5.??Allowable amounts that may be charged to a personal injury protection insurance insurer and insured for magnetic resonance imaging services shall not exceed 175 percent of the allowable amount under the participating physician fee schedule of Medicare Part B for year 2001, for the area in which the treatment was rendered, adjusted annually on August 1 to reflect the prior calendar year’s changes in the annual Medical Care Item of the Consumer Price Index for All Urban Consumers in the South Region as determined by the Bureau of Labor Statistics of the United States Department of Labor for the 12-month period ending June 30 of that year, except that allowable amounts that may be charged to a personal injury protection insurance insurer and insured for magnetic resonance imaging services provided in facilities accredited by the Accreditation Association for Ambulatory Health Care, the American College of Radiology, or the Joint Commission on Accreditation of Healthcare Organizations shall not exceed 200 percent of the allowable amount under the participating physician fee schedule of Medicare Part B for year 2001, for the area in which the treatment was rendered, adjusted annually on August 1 to reflect the prior calendar year’s changes in the annual Medical Care Item of the Consumer Price Index for All Urban Consumers in the South Region as determined by the Bureau of Labor Statistics of the United States Department of Labor for the 12-month period ending June 30 of that year. This paragraph does not apply to charges for magnetic resonance imaging services and nerve conduction testing for inpatients and emergency services and care as defined in chapter 395 rendered by facilities licensed under chapter 395.
The PIP fee schedule referenced above would apply instead.
If the PIP insurer receives notice of an accident, the insurer must reserve $5,000.00 of PIP benefits for payment to physicians or dentists rendering emergency care or inpatient care in the hospital for 30 days. After the 30 day period, the unclaimed amount of the reserve may be used to pay claims from other providers. The required time to pay claims to other providers is tolled for the time period the insurer is required to hold such claims due to this requirement.

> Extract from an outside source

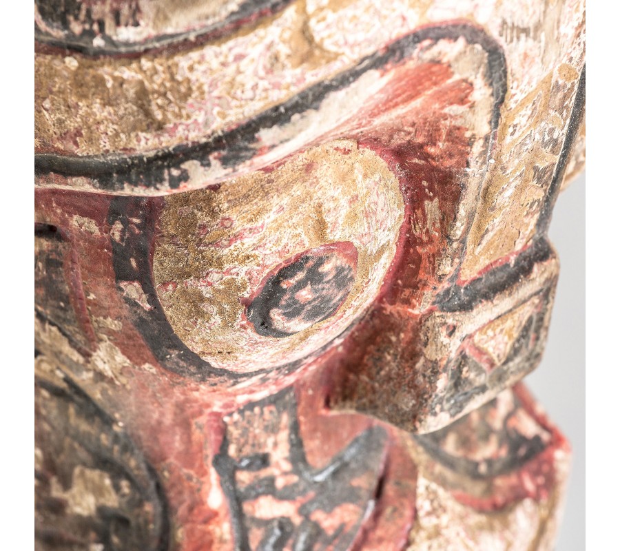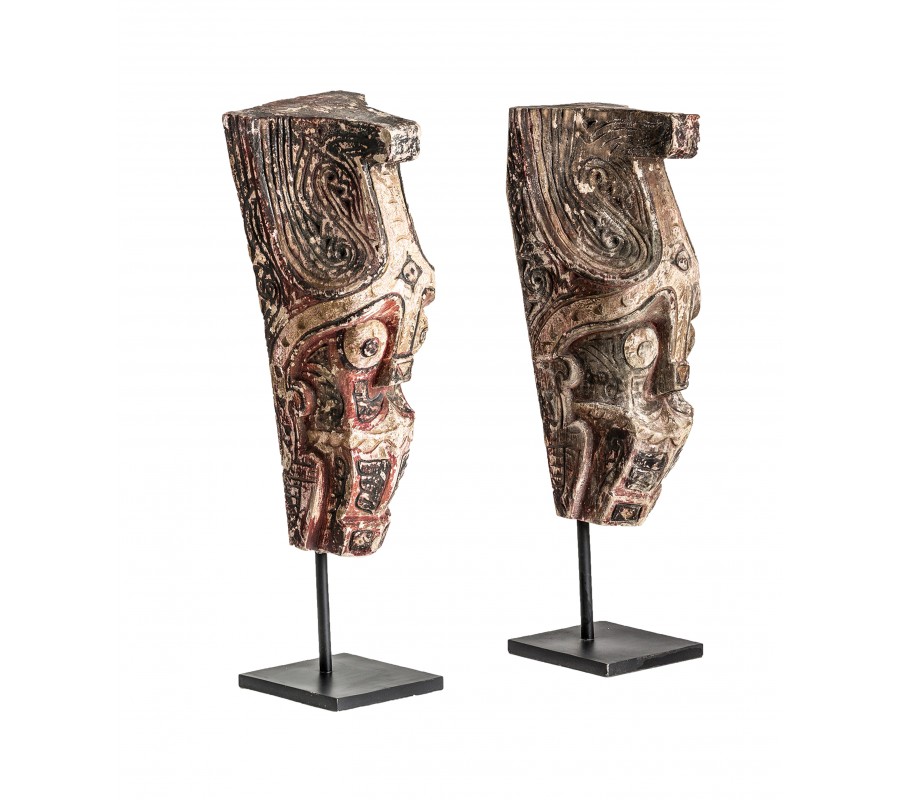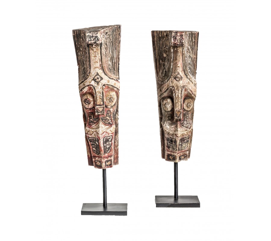 Luxusná etno sada dvoch sošiek Mulan predstavuje výrazný dekoratívny prvok, ktorý okamžite pritiahne pozornosť svojím autentickým remeselným spracovaním a kultúrnou symbolikou. Obidve sošky majú podobu vyrezávaných tvárí alebo masiek s abstraktnými rysmi a detailnou rytou ornamentikou, ktorá odkazuje na tradičné primitívne umelecké formy z afrického alebo oceánskeho prostredia.

The important remaining highlights are:
Ø All PIP claims against an insurer related to the same health care provider for the same injured person must be brought together in a single lawsuit, unless good cause is shown why such claims should be brought separately;
Ø Increases 15 day demand requirement to 30 days before a provider can file suit;
Ø The Death benefit is modified to $5,000 or the remainder of the PIP benefits, whichever is less; and,
Ø Makes it an unfair trade practice for an insurer to refuse to pay valid claims as a general business practice, and allows the Attorney General to investigate and initiate actions, in addition to the Office of Insurance Regulation.
With these changes, Florida has shifted from a No-Fault system to a fault- based or tort system, whereby the at fault driver is responsible for paying the claimant’s medical expenses and compensating for additional damages, such as loss of wages and “pain and suffering.” In addition, claimants are no longer required to have suffered a threshold “permanent” injury in order to recover non-economic damages, such as pain and suffering and mental anguish. Again, dependent upon individual contracts of insurance, No-Fault coverage may or may not be a “collateral source” and may be subrogable.
Naturally, Florida’s courts have not had the opportunity to interpret the changes in Florida’s PIP statute. Therefore, it is imperative that appellate decisions be closely monitored to see how the courts are treating these important issues. We will keep you informed of any new developments, legislative or otherwise, on Florida’s PIP law.